I checked my seat, then Meg’s, for any spring-activated explosive devices, but without Leo’s expert eye, I couldn’t be sure. My only hope: Britomartis looked distracted, perhaps too distracted for her usual fun and games. I sat. Happily, my gloutos did not explode.

A simple meal had been laid out: more salad, bread, and cheese. I hadn’t realized it was lunchtime, but when I saw the food, my stomach growled. I reached for the loaf of bread. Emmie pulled it away and gave it to Meg.

Emmie smiled sweetly. “Apollo, I wouldn’t want you to eat anything that’s only acceptable. There’s plenty of salad, though.”

I stared miserably at the bowl of lettuce and cucumbers. Meg grabbed the entire bread loaf and ripped off a chunk, chewing it with gusto. Well…I say chewing. Meg stuffed so much into her mouth it was difficult to know if her teeth ever connected.

Britomartis laced her fingers in front of her. Even that simple gesture looked like an elaborate snare. “Emmie,” she said, “how is the sorceress?”

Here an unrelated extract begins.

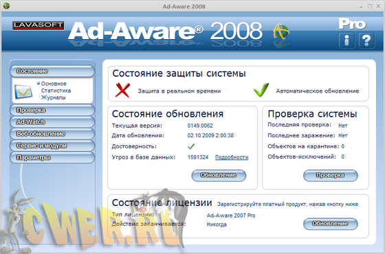 Ad-Aware 2008 Pro предназначена для поиска и устранения шпионских модулей. При своей работе Ad-Aware сканирует оперативную память, файлы на жёстком диске и определяет в них программы-шпионы и запущенные вредоносные процессы. Также сканируется реестр операционной системы. Если в реестре обнаруживается запись, установленная вредоносной программой, то она удаляется. Работает Ad-Aware достаточно шустро, настройки просты и интуитивно понятны. Если обнаруживаются шпионские модули, то программа предлагает удалить их все или выборочно. Для предотвращения случайного удаления нужного файла или записи в реестре предусмотрена функция восстановления (для этого автоматически создаются backup-копии удаляемых данных). Данная программа (или аналог) должна быть у каждого пользователя, который работает на компьютере в Интернете. Проверять и удалять из системы шпионов просто необходимо.

“Resting comfortably, my lady,” said Emmie. “Leo and Josephine are looking in on her—Ah, here they are now.”

Josephine and Leo strode toward the dining table, Leo’s arms spread like the Rio de Janeiro Christ statue. “You can all relax!” he announced. “Calypso is okay!”

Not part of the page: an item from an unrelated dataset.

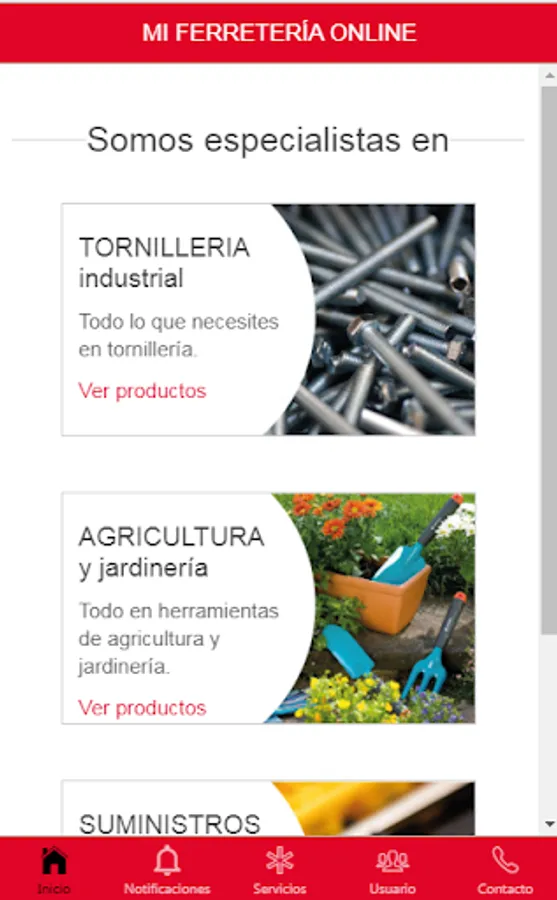 Application for purchases via the web miferreteriaonline.es and to learn about the offers and loyalty points each customer.

The net goddess grunted as if disappointed.

A thought struck me. I frowned at Britomartis. “The net over the arena. Nets are your department. You helped blast it away, didn’t you? Calypso couldn’t have done that magic by herself.”

Britomartis smirked. “I may have jump-started her power a bit. She’ll be more useful to me if she can master her old abilities.”

Leo dropped his arms. “But you could’ve killed her!”

The goddess shrugged. “Probably not, but it’s hard to say. Tricky stuff, magic. You never know when or how it’s going to come out.” She spoke with distaste, as if magic were some poorly controlled bodily function.